**What is expected:** Without changing a thing, reproduce the entire listing and leave out its pictures.

Top of Data block

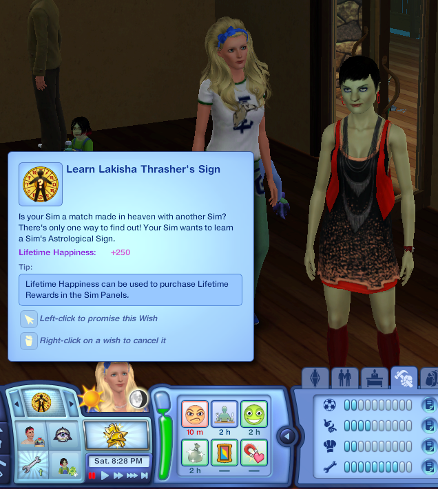 Also, he hasn’t done anything to demonstrate it, but Christof’s sudden attack of studiousness and my strategic use of the “Work Hard” school tone actually got him an A in elementary school. (But not honor roll, so no points :-p.) That shocked me because it was so rapid. He had a straight C until a couple of days before aging up, then suddenly started both doing his homework and going to bed so that his mood was actually high enough to Work Hard for some part of the school day. At any rate, he actually got his Insane trait this time around, and I have a full set.  I’m starting to think that there should be points for the Insane thing — either losing points if a kid makes it to adulthood without Insane or gaining them if the whole generation gets the trait.
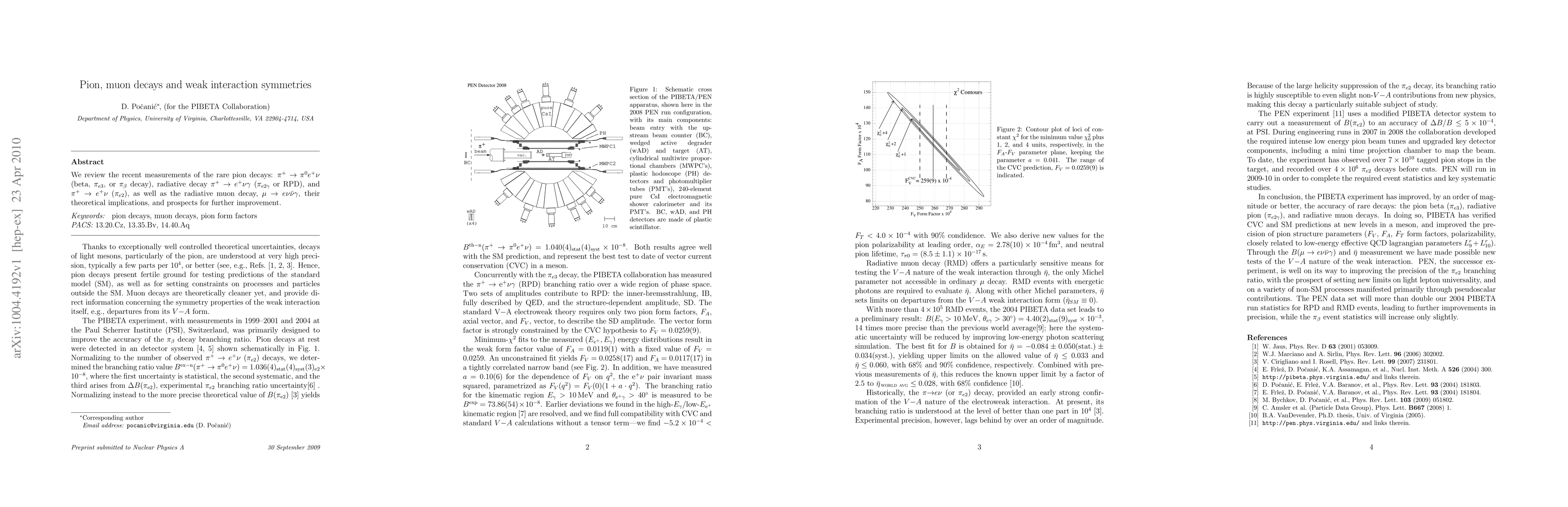 We review the recent measurements of the rare pion decays: Pi+ -> Pi0 e+ Nu [pion beta, Pi_(e3), or Pi_beta decay], radiative decay Pi+ -> e+ Nu Gamma [Pi_(e2Gamma) or RPD], and Pi+ -> e+ Nu [Pi_(e2)] decay, as well as the radiative muon decay, Mu -> e Nu Nu-bar Gamma, their theoretical implications, and prospects for further improvement.
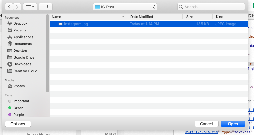 Locate the image you would like to upload and click “Open”

Bottom of Data block

**Output of the task:**
 Also, he hasn’t done anything to demonstrate it, but Christof’s sudden attack of studiousness and my strategic use of the “Work Hard” school tone actually got him an A in elementary school. (But not honor roll, so no points :-p.) That shocked me because it was so rapid. He had a straight C until a couple of days before aging up, then suddenly started both doing his homework and going to bed so that his mood was actually high enough to Work Hard for some part of the school day. At any rate, he actually got his Insane trait this time around, and I have a full set.  I’m starting to think that there should be points for the Insane thing — either losing points if a kid makes it to adulthood without Insane or gaining them if the whole generation gets the trait.
 We review the recent measurements of the rare pion decays: Pi+ -> Pi0 e+ Nu [pion beta, Pi_(e3), or Pi_beta decay], radiative decay Pi+ -> e+ Nu Gamma [Pi_(e2Gamma) or RPD], and Pi+ -> e+ Nu [Pi_(e2)] decay, as well as the radiative muon decay, Mu -> e Nu Nu-bar Gamma, their theoretical implications, and prospects for further improvement.
 Locate the image you would like to upload and click “Open”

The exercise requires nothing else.